Listed entries section start
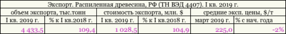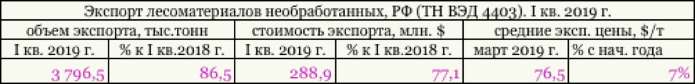 Экспорт лесной отрасли в 1 кв. 2019 г.
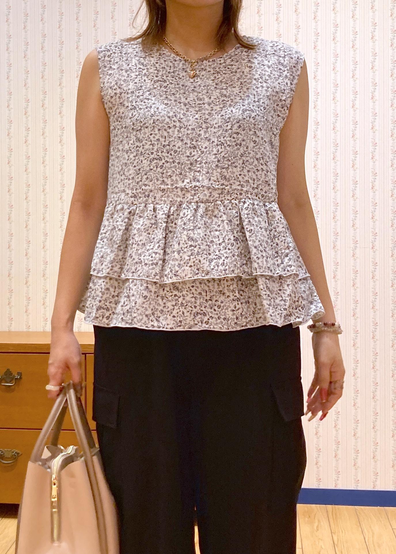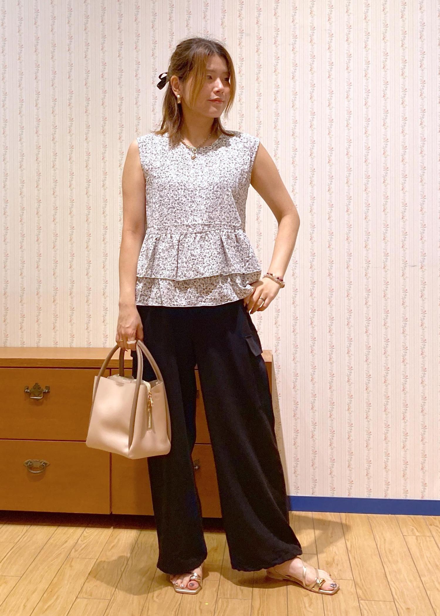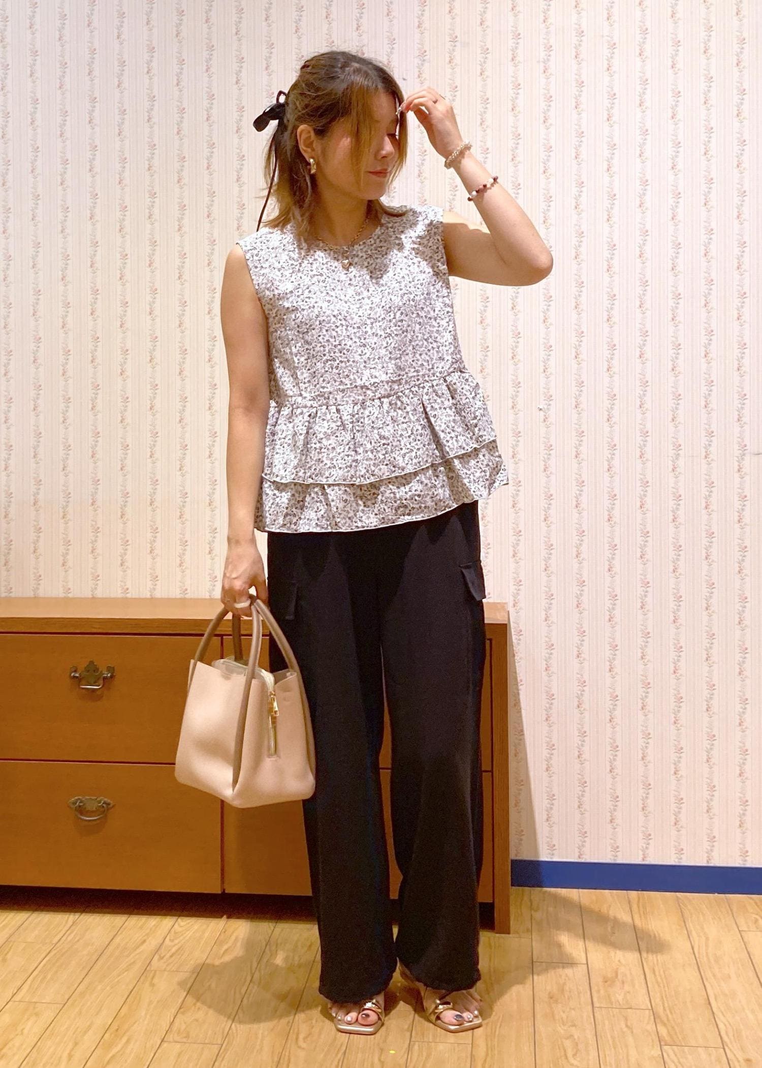 小花柄のノースリーブブラウスにカーゴパンツを合わせたキレイめカジュアルなミックスコーディネートです。
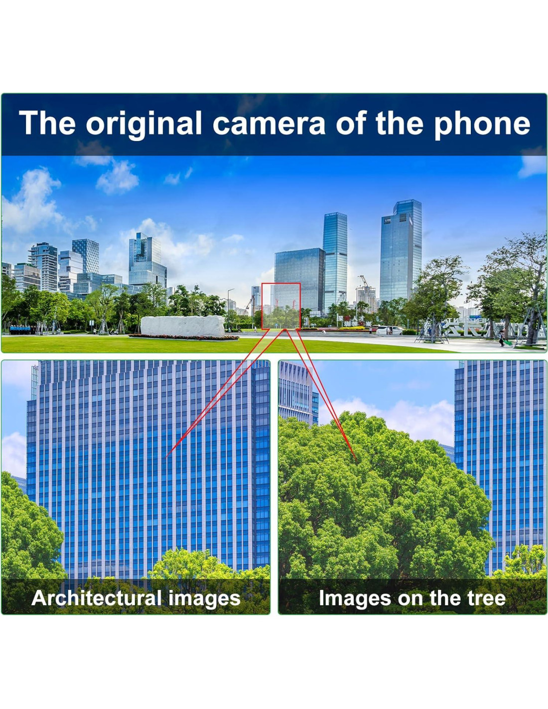 - [Capacidad de Enfoque Individual] : lente de cámara para teléfono con ajuste exacto para el objetivo, con el anillo de enfoque significa que puedes usarlo para ajustar la nitidez del sujeto de la toma para cambiar el campo de visión de la imagen capturada, lo que mejora enormemente la calidad de la imagen. (Nota: Es mejor quitar la funda de tu teléfono para tomar mejores fotos.
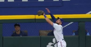 Former Clemson baseball player Eli White showed off his defensive skills in the first inning of the...
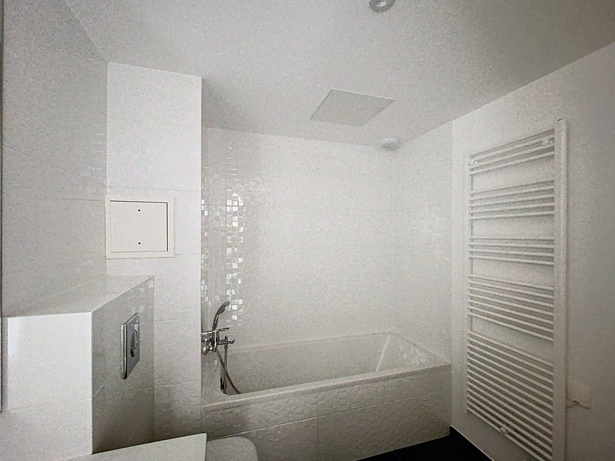 ? Salle de bain équipée avec baignoire, meuble vasque et sèche serviette,
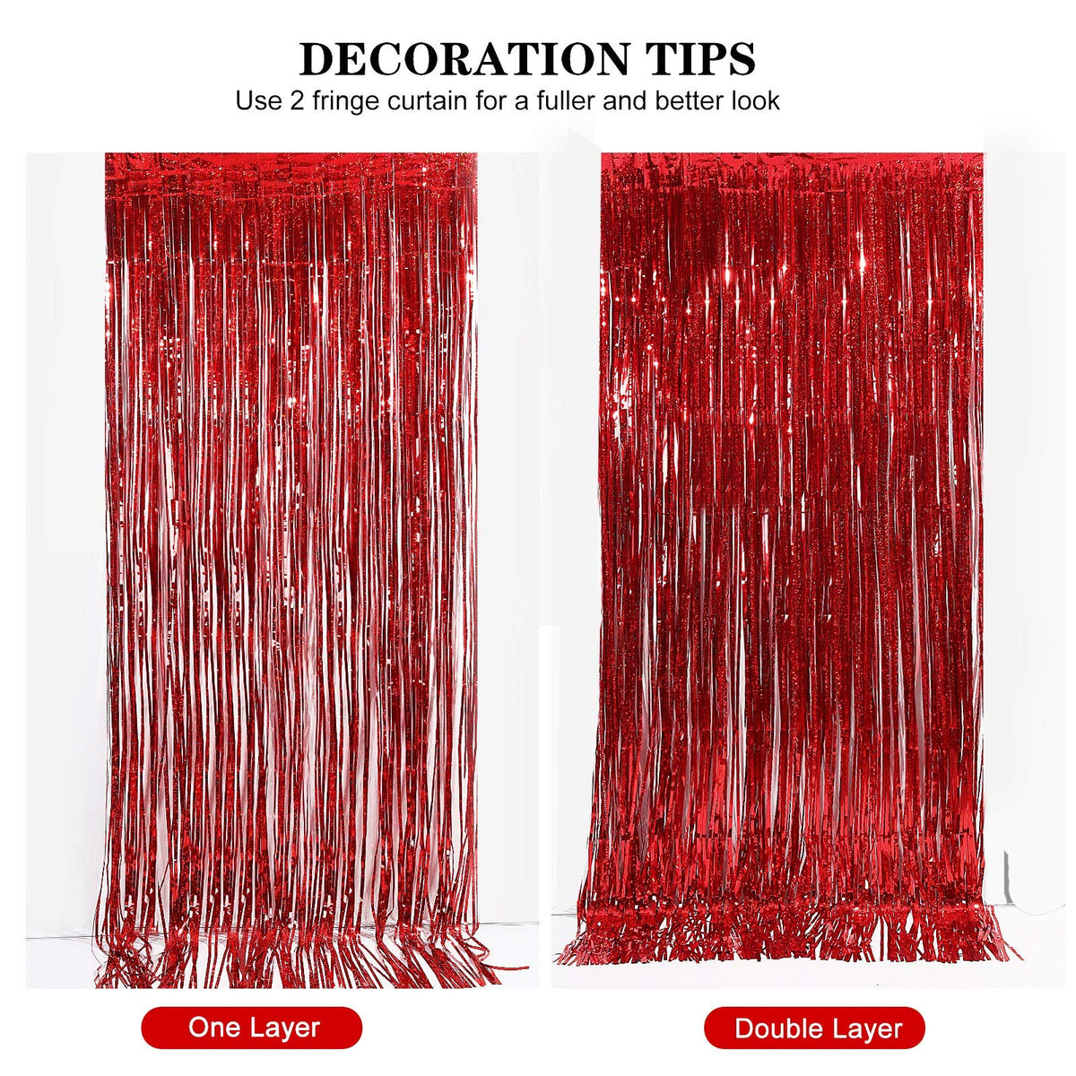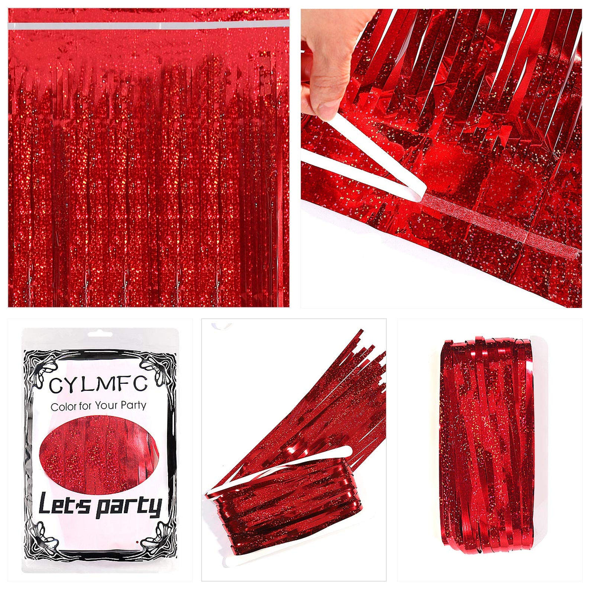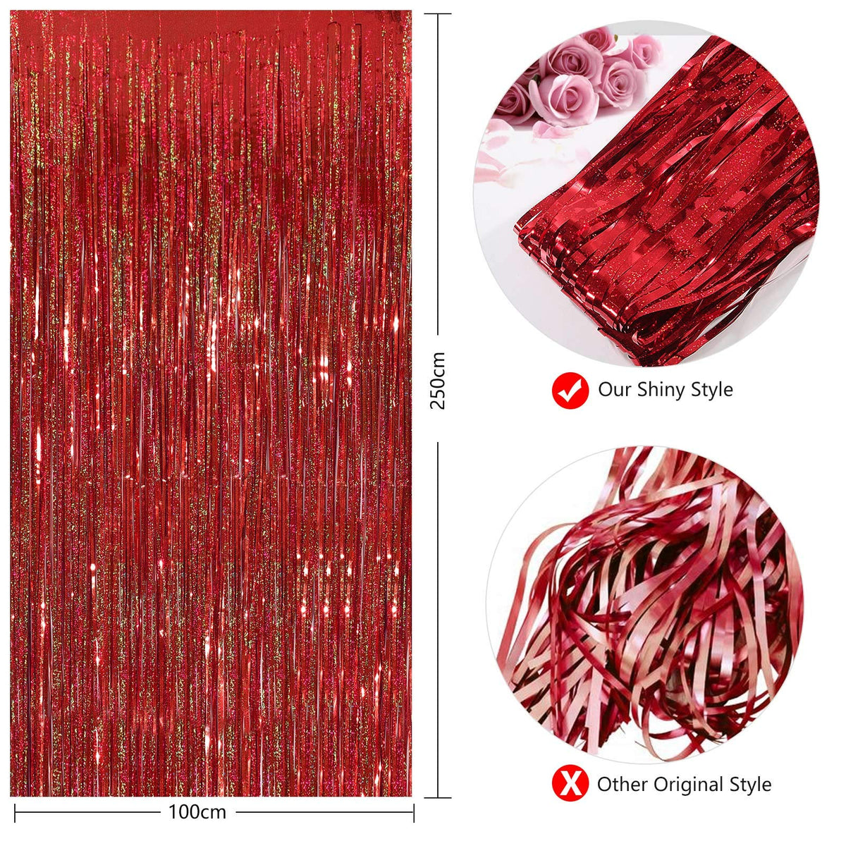 Cylmfc Metallic Tinsel Curtains, 2 Pack 3X8Ft Foil Fringe Backdrop For Birthday & Graduation Decorations, Red
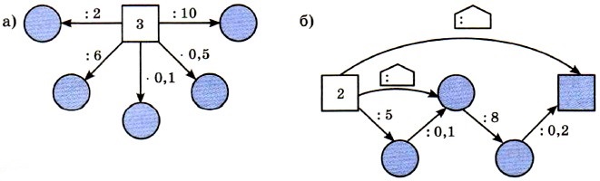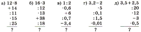348. Найдите значение выражения: а) 0,72 - 0,б2; б) З3 - 17,5; в) 0,52 • 8; г) 2,6 : 0,13. 349. Значение какого выражения можно вычислить на микрокалькуляторе по программе:
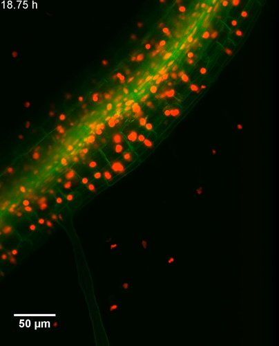 Specimen: Arabidopsis thaliana lateral root growing out of the primary root. A stack of images was recorded every 15 minutes over 75 hours
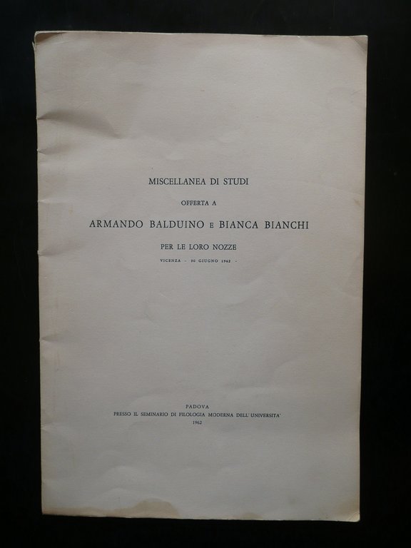 AA. VV., Miscellanea di Studi offerta a Armando Balduino e Bianca Bianchi per le loro nozze Vicenza - 30 Giugno 1962 Presso il Seminario di Filologia Moderna dell'Università, Padova 1962, cm 31x21, pp. 104; brossura ed. Condizioni di conservazione Esemplare in buone condizioni con tracce d'uso e una leggera ammaccatura alla parte sup.; brossure con minime pieghette agli angoli; margine inf. della br. ant. con un paio di circoscritte lievi gore che interessano in misura minima anche qualcuna delle prime pagine; dorso con alcuni piccoli strappetti, di cui uno di qualche cm alla cuffia sup.; qualche pagina con leggere rimovibili sottolineature, segnetti e/o qualche breve annotazione a matita. Non comune edizione omaggio per nozze che contiene vari interessanti saggi di critica letteraria e filologia moderna. Tra gli autori vi sono Vittore Branca, Pier Vincenzo Mengaldo, Giorgio Pullini, ecc. (per un elenco completo vedi foto indice). Edizione in tiratura limitata di L esemplari con numerazione romana e di 150 esemplari con numerazione araba; n/s XLVI. SETT92.L8509 N
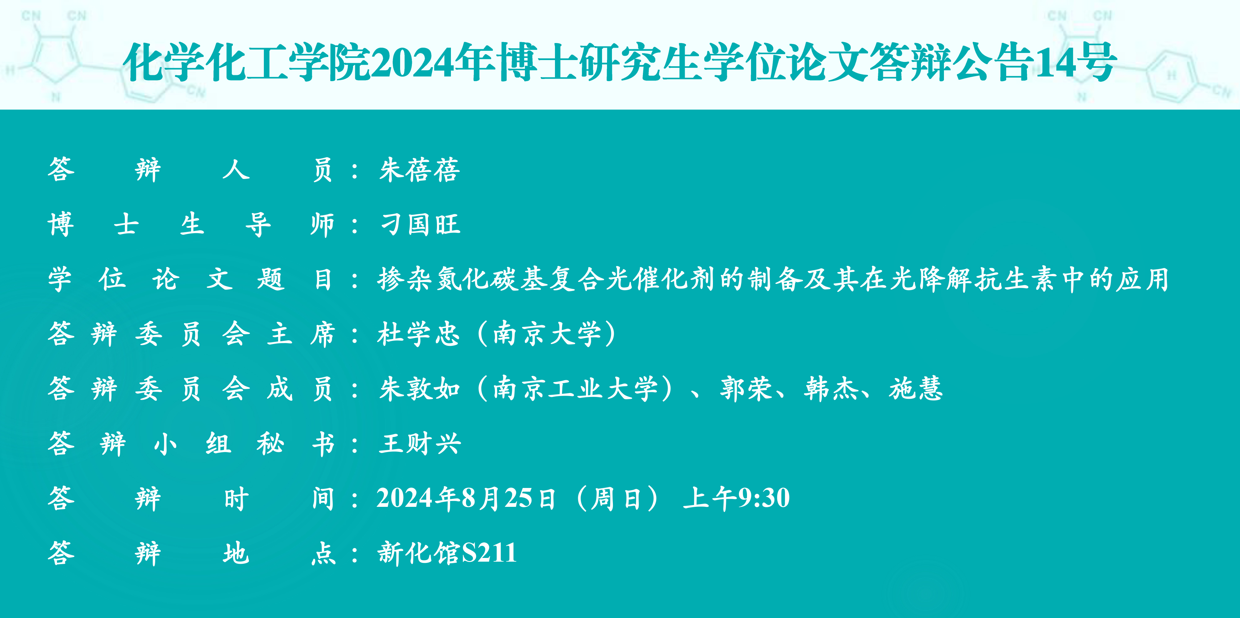 化学化工学院2024年博士研究生学位论文答辩公告14号
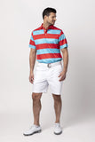 RANCHO RUGBY STRIPE POLO SHIRT | RED/BAHAMA BLUE
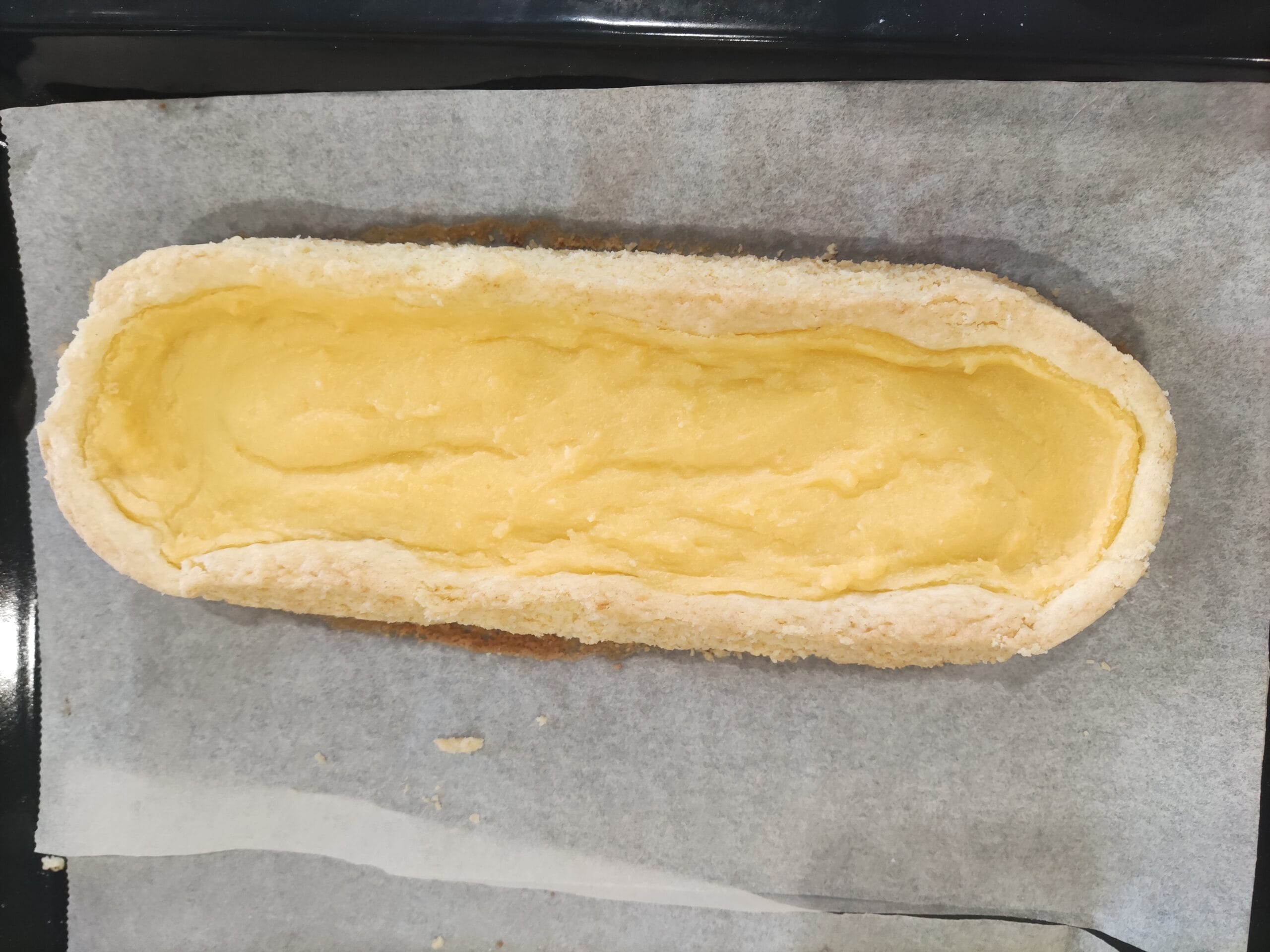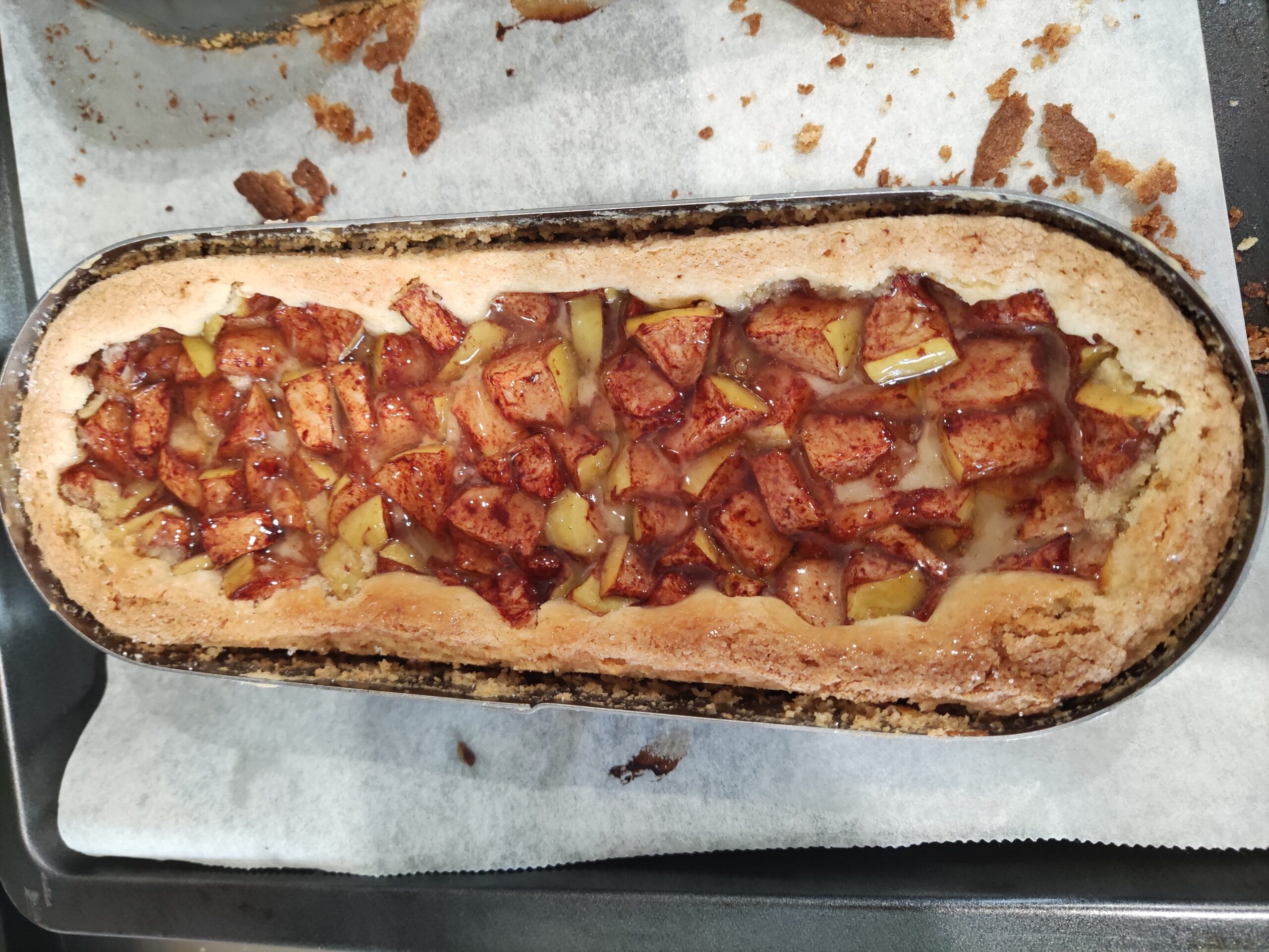 Huisgemaakte slof, gebakken met banketbakkersroom en amandelspijs. Belegd met een mengsel van verse appel, kaneel en rozijnen.
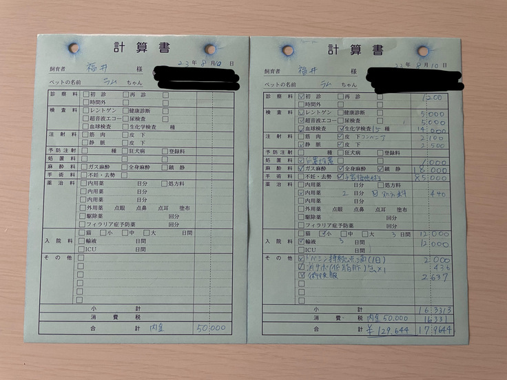 診察代、手術費、入院費等含め17万9644円かかりました。
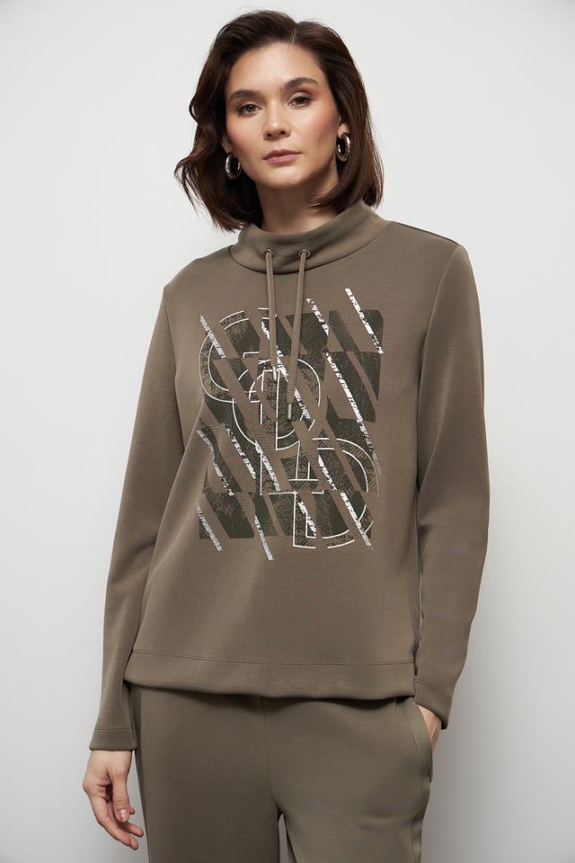 Этот стильный пуловер от Gerry Weber станет отличным дополнением к вашему гардеробу. Пуловер выполнен в хаки цвете и украшен современным графичным принтом, который добавляет образу оригинальности.
Listed entries section end
Directions: While leaving pictures out, reproduce exactly the lines from the beginning of the listing above through the line containing "Specimen: Arabidopsis thaliana", both ends included.

Answer section:
 Экспорт лесной отрасли в 1 кв. 2019 г.
 小花柄のノースリーブブラウスにカーゴパンツを合わせたキレイめカジュアルなミックスコーディネートです。
 - [Capacidad de Enfoque Individual] : lente de cámara para teléfono con ajuste exacto para el objetivo, con el anillo de enfoque significa que puedes usarlo para ajustar la nitidez del sujeto de la toma para cambiar el campo de visión de la imagen capturada, lo que mejora enormemente la calidad de la imagen. (Nota: Es mejor quitar la funda de tu teléfono para tomar mejores fotos.
 Former Clemson baseball player Eli White showed off his defensive skills in the first inning of the...
 ? Salle de bain équipée avec baignoire, meuble vasque et sèche serviette,
 Cylmfc Metallic Tinsel Curtains, 2 Pack 3X8Ft Foil Fringe Backdrop For Birthday & Graduation Decorations, Red
348. Найдите значение выражения: а) 0,72 - 0,б2; б) З3 - 17,5; в) 0,52 • 8; г) 2,6 : 0,13. 349. Значение какого выражения можно вычислить на микрокалькуляторе по программе:
 Specimen: Arabidopsis thaliana lateral root growing out of the primary root. A stack of images was recorded every 15 minutes over 75 hours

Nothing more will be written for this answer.